February 2, 2007
OR YOU COULD JUST READ CHILDE HAROLDE:
Iconic novelist hopes to draw readers into a more graphic tale (Geoff Boucher, February 2, 2007, LA Times)
STEPHEN KING's "The Dark Tower," a magnum opus about a haunted gunslinger on a quest for a mysterious spire, stretched out over 22 years, seven novels and a staggering 4,272 pages of eerie adventure.But here's the really spooky thing: King fans want more.
Now they're about to get it, although this time around King is taking his readership to a new place that might scare some of them off. "The Dark Tower: The Gunslinger Born," the Marvel Comics series, launches next week, and more than 100 retailers nationwide are opening their stores for midnight release parties. [...]
As with his novels, King's move into comics is fraught with subplots.

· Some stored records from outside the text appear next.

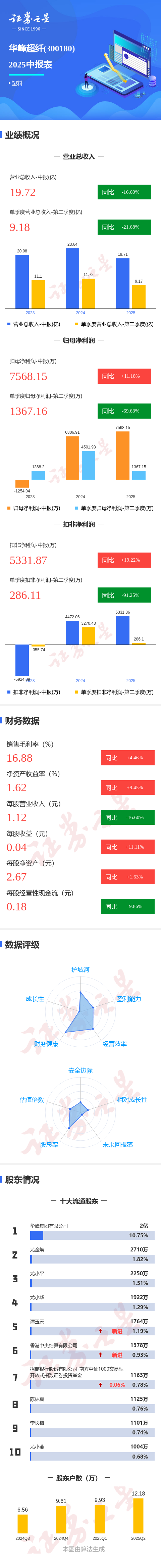 证券之星消息,华峰超纤2025年中报显示,公司主营收入19.72亿元,同比下降16.61%;归母净利润7568.15万元,同比上升11.18%;扣非净利润5331.87万元,同比上升19.23%;其中2025年第二季度,公司单季度主营收入9.18亿元,同比下降21.69%;单季度归母净利润1367.16万元,同比下降69.63%;单季度扣非净利润286.11万元,同比下降91.25%;负债率28.52%,投资收益260.48万元,财务费用541.97万元,毛利率16.88%。
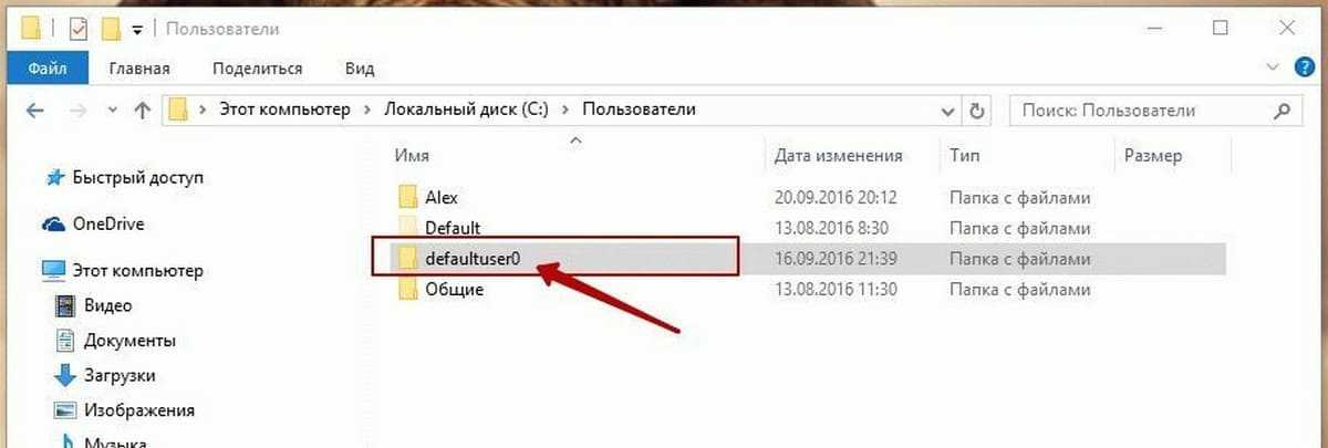 Для сим идите в локацию C: \ Пользователи и удалите сам каталог defaultuser0 со всем его содержимым. Если система по-прежнему сопротивляется, удалите ее, загрузившись в безопасном режиме или снизу Live CD.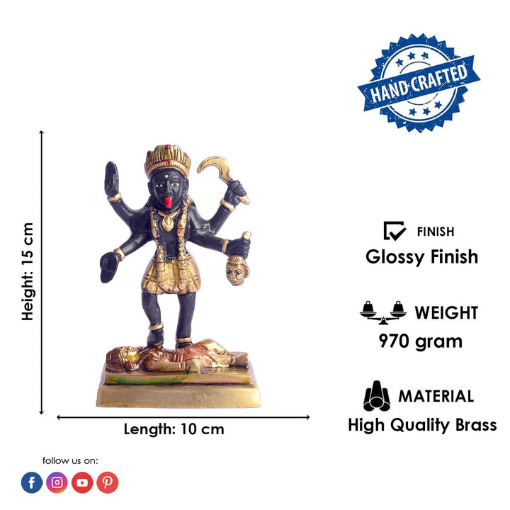 About Product: The 5.9 inch Brass Kali Mata Sculpture is a powerful and intricately crafted statue of Goddess Kali, representing her fierce and protective nature. Made from high-quality brass, this sculpture captures the goddess in her dynamic and divine form, with multiple arms holding symbolic weapons, and a fearless expression that embodies her role as the destroyer of evil. The fine detailing and golden shine add depth to her powerful presence, making it an exceptional addition to any home or temple. At 5.9 inches, this Kali Mata sculpture brings a sense of strength, protection, and spiritual energy to your space.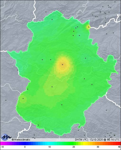 16-10-2025 | | Máx. | Mín. | | Temperatura | 30,8 | 16,3 | °C | Humedad | 74 | 41 | % | Viento | 16 | n/a | km/h | Presión | 1.017 | 1.014 | hPa | Precipitación | 0,0 | mm |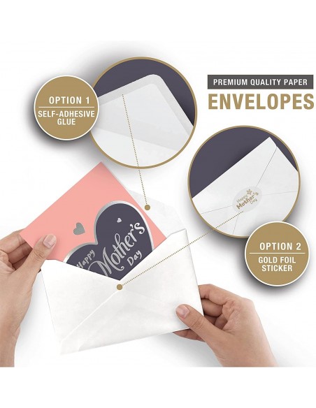 Sobres adhesivos - La parte de sellado del sobre se volverá pegajosa cuando se moje, no se necesita pegamento o pegatinas, cuando termine su escritura, ponga la tarjeta en el sobre y selle, lo que lo hace más privado y oficial.

One big one: "The Dark Tower" famously finished with a fizzle in 2004 -- many fans complained of a letdown with the saga's final pages and the fuzzy fate of its hero, Roland Deschain, the nomadic hero armed with Winchester revolvers in the face of mutants and magic.
The new "Dark Tower" project provides a chance for King "to make it right," noted Jud Meyers, co-owner of Earth-2 Comics in Sherman Oaks, one of the retailers that will be open Tuesday night and into Wednesday morning to sell the comic.